Crude oil futures tumbled in early trading today after government data showed surprising buildup in oil inventories.
On Tuesday, crude oil futures softened on lowered expectations about Chinese demand and reactions to mixed economic data. The expiring July WTI futures contract settled 61 cents, or 0.8 percent, lower. August futures, the new front month, swooned as much as $2.33, or 3.0 percent, after the weekly oil inventory report was released by the US Energy Department this morning.
Wall Street analysts had been looking for the government to report a drawdown of between 800,000 and 1.2 million barrels in crude oil stocks despite estimates for a 3.7-million-barrel build from the American Petroleum Institute. Actual inventories increased by 2.0 million barrels.
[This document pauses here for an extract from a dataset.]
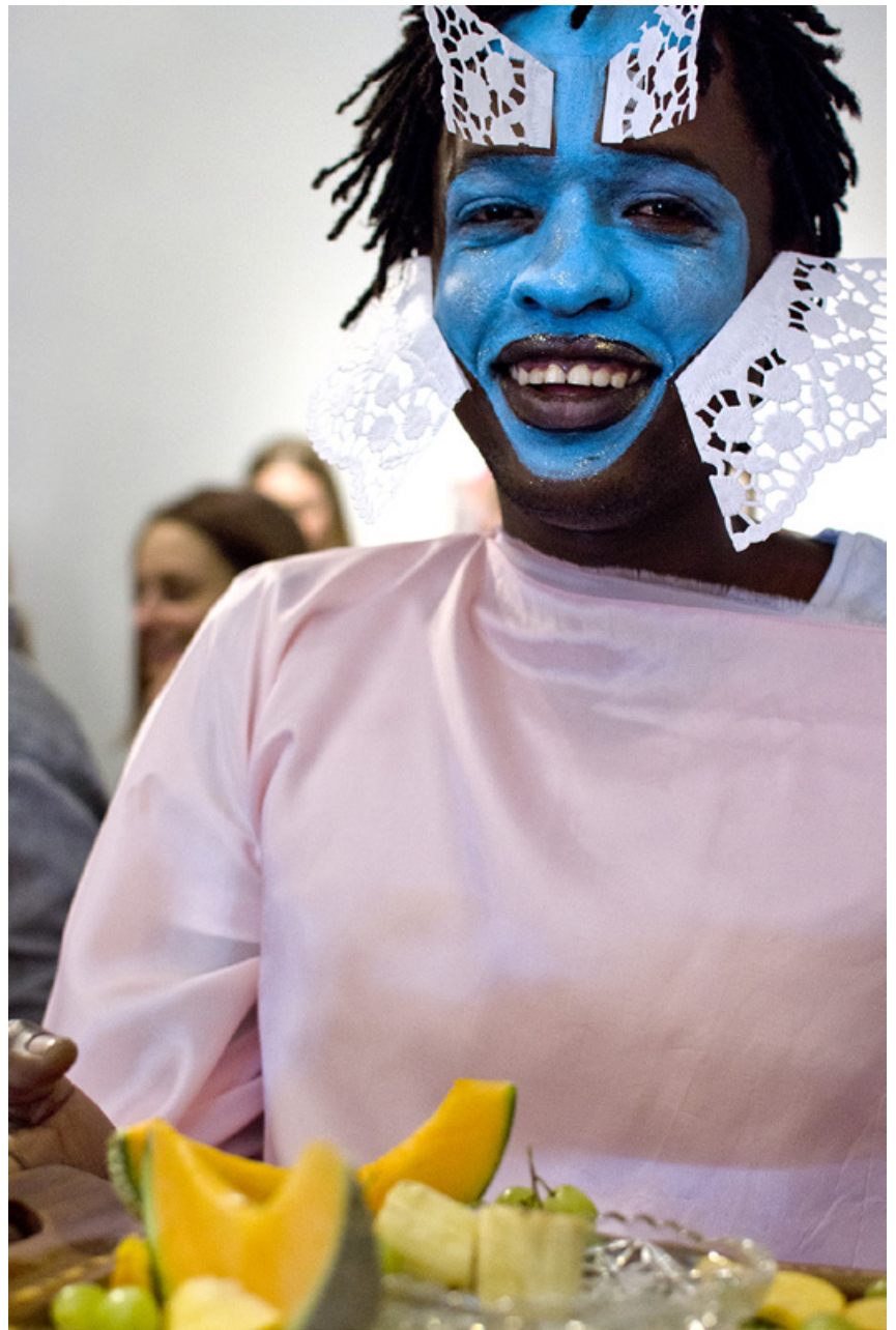
installation/ performance during the exhibition „Göttliche Liebschaften“ VBKÖ Austrian Association of Women Artists, Vienna 2014

There were surprises in the product numbers as well. Street estimates of shifts in gasoline inventories varied from a 100,000-barrel decline to a 500,000-barrel build, while the API eyed an 810,000-barrel increase. Definitive numbers from the Energy Department showed gasoline stores declining by 800,000 barrels.
Distillate stocks increased by 300,000 barrels according to government data, a smaller build than the 1.3-million-barrel increase forecast by analysts and the 1.1-million-barrel increase estimated by the API.
The government reported refineries operating at 89.4 percent of capacity last week. Analysts had forecast usage to remain flat at 87.9 percent. Energy Department figures showed gasoline production decreased to an average 9.3 million barrels per day, while average daily distillate fuel production increased to 4.3 million barrels.
Additionally, government data pointed to gasoline demand averaging 9.2 million barrels per day, up 0.8 percent from a year ago. Average daily distillate fuel demand, at 3.9 million barrels, is 12.8 higher than this time last year.
Distillate prices took the lead this week as heating oil rose 2.1 percent. Gasoline prices climbed 0.6 percent as crude oil inched 0.4 percent higher. The outsized gains for the middle distillates pushed 2-1-1 operations to a premium over gasoline-heavy 3-2-1 refinery runs.
Nearby NYMEX Crude Oil vs. Gross Refining Margins
The gain in distillate pricing was underscored by a diminution in WTI's premium over North Sea Brent crude. This week, the premium shrank to 23 cents from 89 cents.
Contango in the WTI market also narrowed. A three-month NYMEX roll cost $2.87 a barrel last week. As of Tuesday, the spread shrank to $2.62. Excess carry was nearly halved this week, bringing the net annualized return for three-month storage to 1.4 percent.
Spot crude struggled to maintain its recovery momentum in the overnight market. With the knowledge that a close below $77.15 would set crude back on its heels, sellers set upon oil in morning trading.
After the gains made in the previous week, normal volatility would allow a sell-off to the $74.40 level on a spot basis.
Such a move, however, would put prices below their moving averages. For spot, that would put resistance of the 10-day average at $76.35.
Deep support rests at spot's June 11 low at $73.26.